# Cover art for PRIMARCHS, THE???



## Alvarius (May 10, 2011)

The cover art for "PRIMARCHS, THE" looks more like an anime series than one of the HH series. The word epic has been replaced with teen sensation. What has happened?


----------



## Vaz (Mar 19, 2008)

They praised mediocrity.


----------



## Xisor (Oct 1, 2011)

I'm not sure we're looking at the same picture.


----------



## brianizbrewtal (Jan 26, 2011)

I can understand how it can be a little anime-ish, but over all it's pretty cool since it shows a shite ton Primarchs that we're probably not gonna see that much of or again. Soak it in for what it is and taste the Primarchs...err Rainbow...Heresy >.>


----------



## Alvarius (May 10, 2011)

If you compare the photos of the first books with this, it's a big difference.
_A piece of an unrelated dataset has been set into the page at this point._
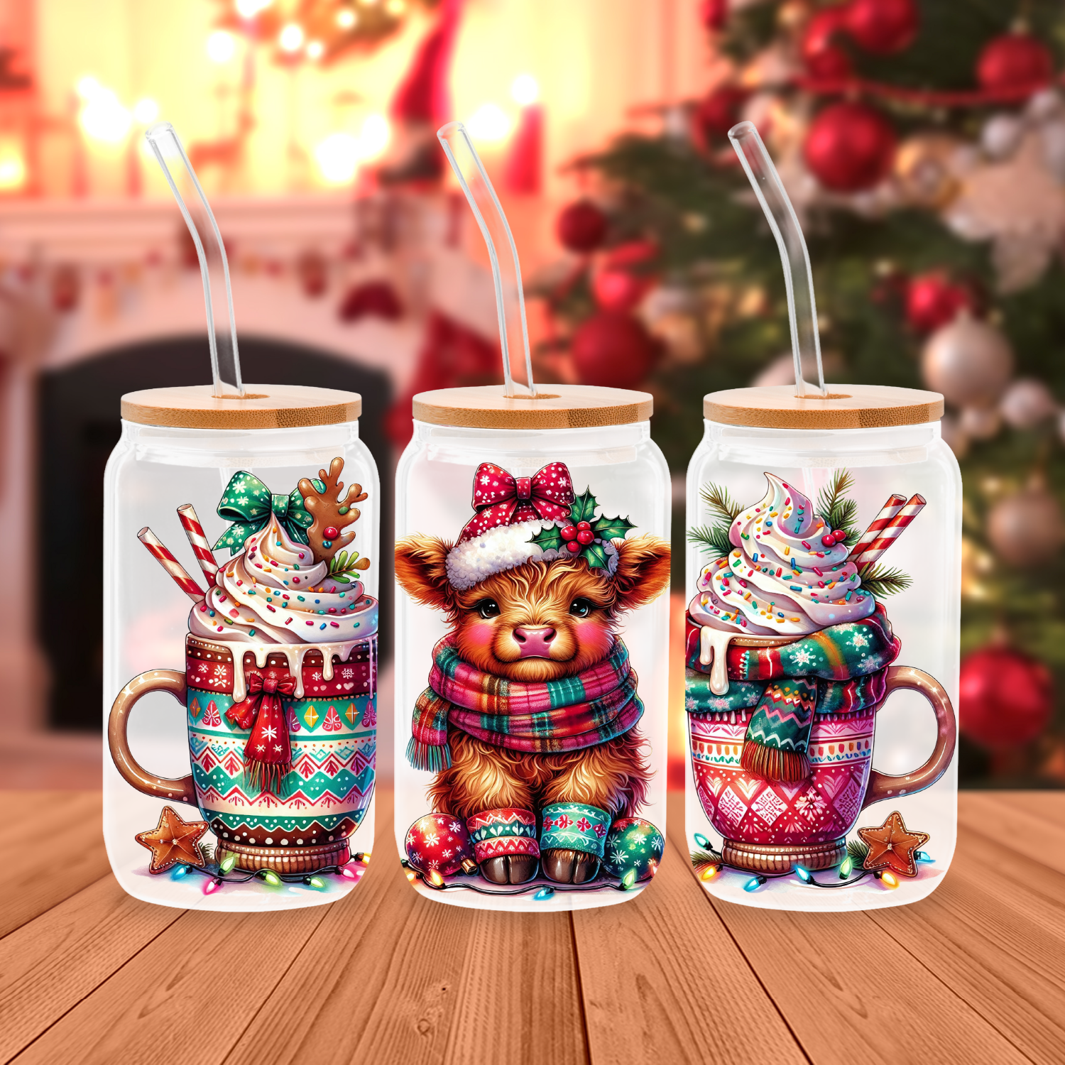 Meet your new favorite holiday companion—our adorable Christmas Highland Cow glass cans! These whimsical drinkware pieces feature an extra-cute festive cow that's sure to bring smiles to your table. Perfect for sipping everything from holiday punch to warm beverages, these sturdy glass cans are built to last through many merry celebrations. Whether you're hosting a cozy gathering or enjoying a quiet night in, this charming bovine buddy adds personality and cheer to every drink. Moo-ve over, boring glassware!

The Outcast Dead was horrible, and now this. Watch Fulgrims face ... it's a comic face!? I see a danger of starting to cut down on the requirements of the images. Sure, it´s the stories that´s important, but the cover art offers a huge amount to. I know they replaced the first cover art of "Nagash Immortal" when it was considered to be too bad. Will they not repent and make a new face to this book?

Rainbow Heresy here we come! With Captn Americaaa..sorry.. Gulliman and the Hulk.. eh. Angron, and Thor... oohpps.. Fulgrim!!!

Marvel+Black Library = Black Marvel!!! ... I can see it happenin ;-)


----------



## Doelago (Nov 29, 2009)

So I am the only one who likes it?


----------



## Bane_of_Kings (Oct 28, 2009)

Yes. 

10 Characters Filler.


----------



## Crimson Shadow (Jan 15, 2009)

To me, the Silver haired guy looks like Pegasus from Yu-Gi-Oh. But then again, that doesn't bother me, so I can see both sides


----------



## Roninman (Jul 23, 2010)

Alvarius said:


> If you compare the photos of the first books with this, it's a big difference. The Outcast Dead was horrible, and now this. Watch Fulgrims face ... it's a comic face!? I see a danger of starting to cut down on the requirements of the images. Sure, it´s the stories that´s important, but the cover art offers a huge amount to. I know they replaced the first cover art of "Nagash Immortal" when it was considered to be too bad. Will they not repent and make a new face to this book?
> 
> Rainbow Heresy here we come! With Captn Americaaa..sorry.. Gulliman and the Hulk.. eh. Angron, and Thor... oohpps.. Fulgrim!!!
> 
> Marvel+Black Library = Black Marvel!!! ... I can see it happenin ;-)


Im with you. Many people are just ready to drop pants whenever they see their favourite characters on cover, made by true artist or not. More speculation goes to what weapon one carries instead of quality of book COVER picture. You just cant make one big picture, cut it in half then slam it on top of book cover. 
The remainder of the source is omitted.